Obama Administration Tried to Use SEC to Regulate Donations
But the administration and its allies, who want to restrict political speech and political activity, weren’t content with trying to use only the IRS to do that. They also went to the Securities and Exchange Commission (SEC) to badger it into issuing regulations requiring corporations to report all of their donations to non-profit organizations and trade associations, as well as political contributions. Such disclosure has nothing to do with furthering the responsibilities of the SEC, whose mission is to “maintain fair, orderly, and efficient markets.”
They were really intended to facilitate the ability of critics to harass, intimidate, and pressure companies to terminate their contributions to advocacy organizations the critics don’t like.
Just take a look at how liberals harassed and boycotted corporations that had contributed to the American Legislative Exchange Council, an organization representing state legislators from all over the country, because of its work on just one issue: voter ID.
Fortunately, the omnibus has a provision (Section 707) that prohibits the use of any funds by the SEC to issue any rule or regulation “regarding the disclosure of political contributions, contributions to tax exempt organizations, or dues paid to trade associations.”
To forestall another proposal along these lines by the Obama administration, which first surfaced in 2011, the omnibus (Sec. 735) also prevents federal funds from being used to force any entity making a bid on a government contract to disclose contributions “to a candidate for election for Federal office or to a political committee” made by the bidding entity or its officers or directors.
Allowing Bureaucratic Abuse of Power
Requiring such disclosure would make it easier for federal bureaucrats to take into account political contributions when awarding contracts. It would also force bidders to delve into the personal political activities of their officers and directors. This would require them to report political contributions those employees have made, not out of corporate funds (which is illegal), but out of their personal funds.
In addition to these prohibitions on forced disclosure, there are also provisions in the tax extenders bill to deter IRS bureaucrats from repeating Lois Lerner’s behavior or hiding their wrongdoing from discovery by using personal emails.
Sec. 402 prohibits any “officer or employee of the Internal Revenue Service” from using “a personal email account to conduct any official business of the Government.”
Sec. 407 requires the termination of any IRS employee for “performing, delaying, or failing to perform (or threatening to perform, delay, or fail to perform) any official action (including any audit) with respect to a taxpayer for … a political purpose.”
Finally, Sec. 406 gives all tax-exempt 501(c) organizations like the many tea party groups the right to challenge any denial of their tax-exempt status by the IRS in federal court.

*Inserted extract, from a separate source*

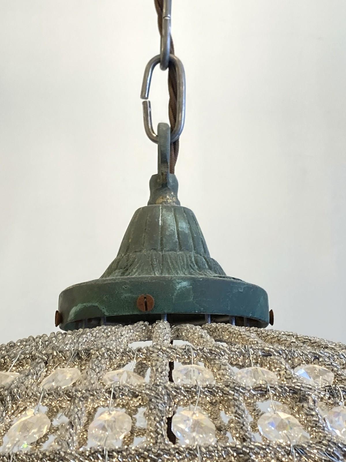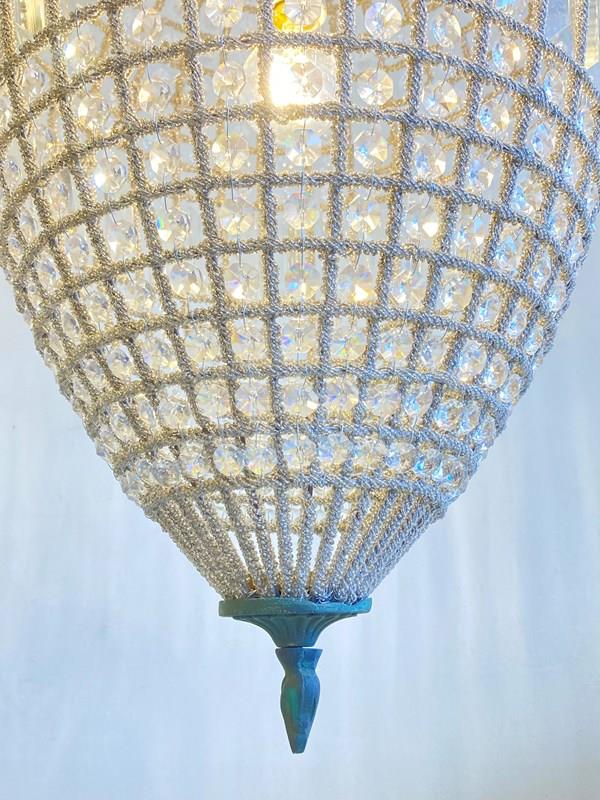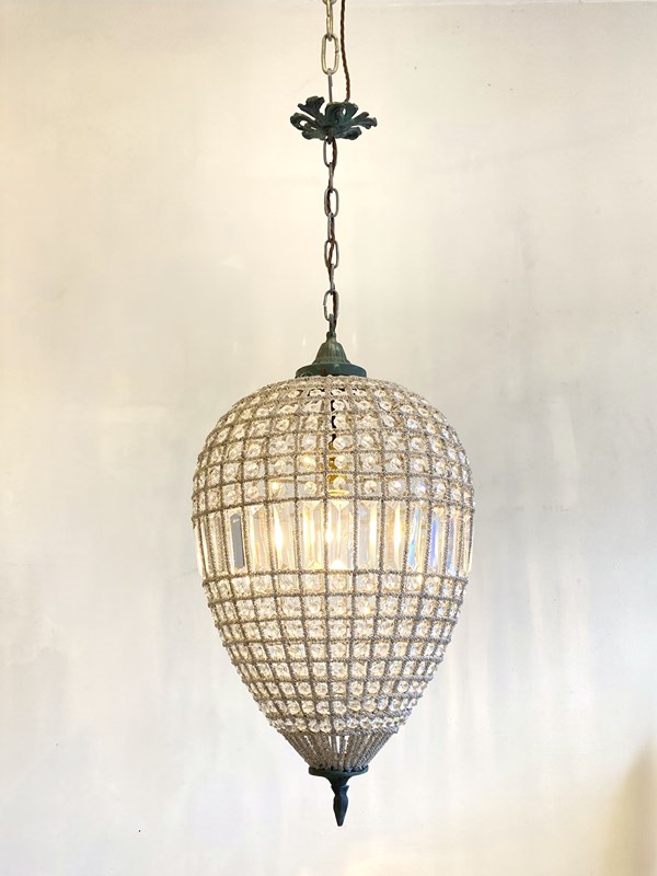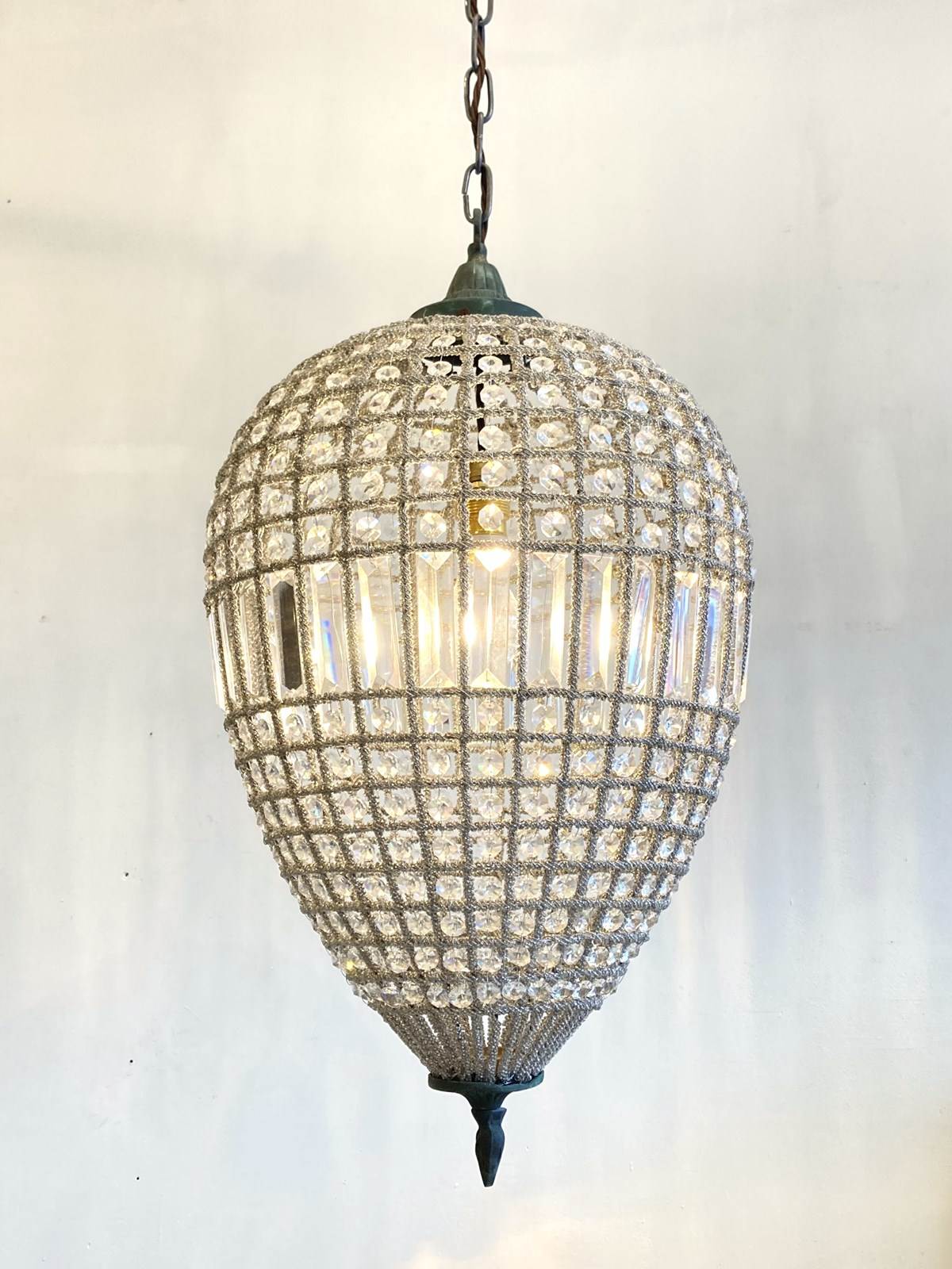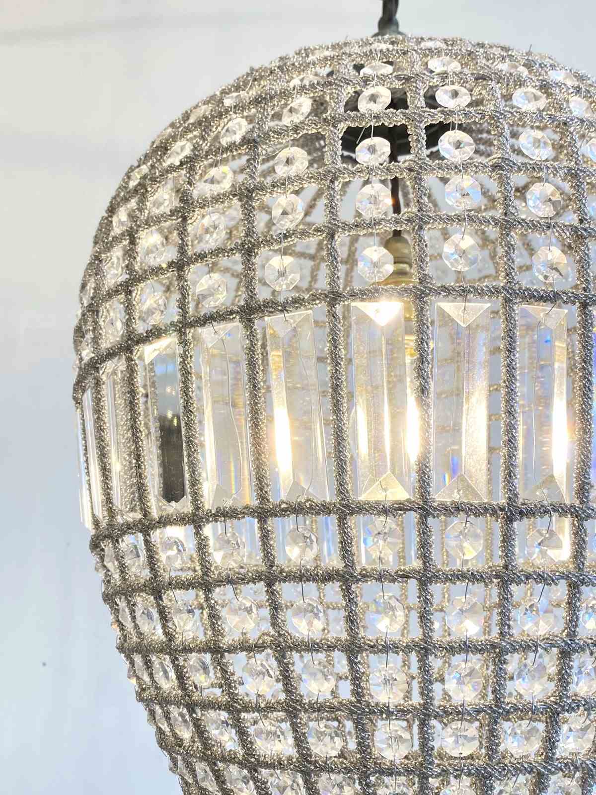 This acorn shaped light has individually crystal buttoned cells encased in twisted glass beads with a central band of rectangular faceted crystals which diffuse the light beautifully and create stunning rainbow effects.

Before this bill became law, only charitable organizations qualified under Sec. 501(c)(3) could appeal such a decision by seeking a declaratory judgment that the IRS was wrong.
Preventing IRS Abuse
Taking action to forestall the IRS from abusing ordinary Americans for speaking out either by themselves or through membership organizations that share their views is essential to protecting Americans’ First Amendment rights.
Forcing Americans to report to the government whom they donate money to, and what organizations they are members of, chills speech, diminishes free expression, and reduces advocacy and speech about many important issues—political, cultural, and otherwise.
But then, that is the goal of many who have been pushing this agenda at the IRS and the SEC—they want to silence the voices they don’t like and don’t agree with.
Clearly, the omnibus and tax extenders bills were in many ways pork- and special tax break-laden monstrosities that are all too typical of how Congress has operated for far too long. But there were some pearls in the usual government swill intended to protect our First Amendment liberties.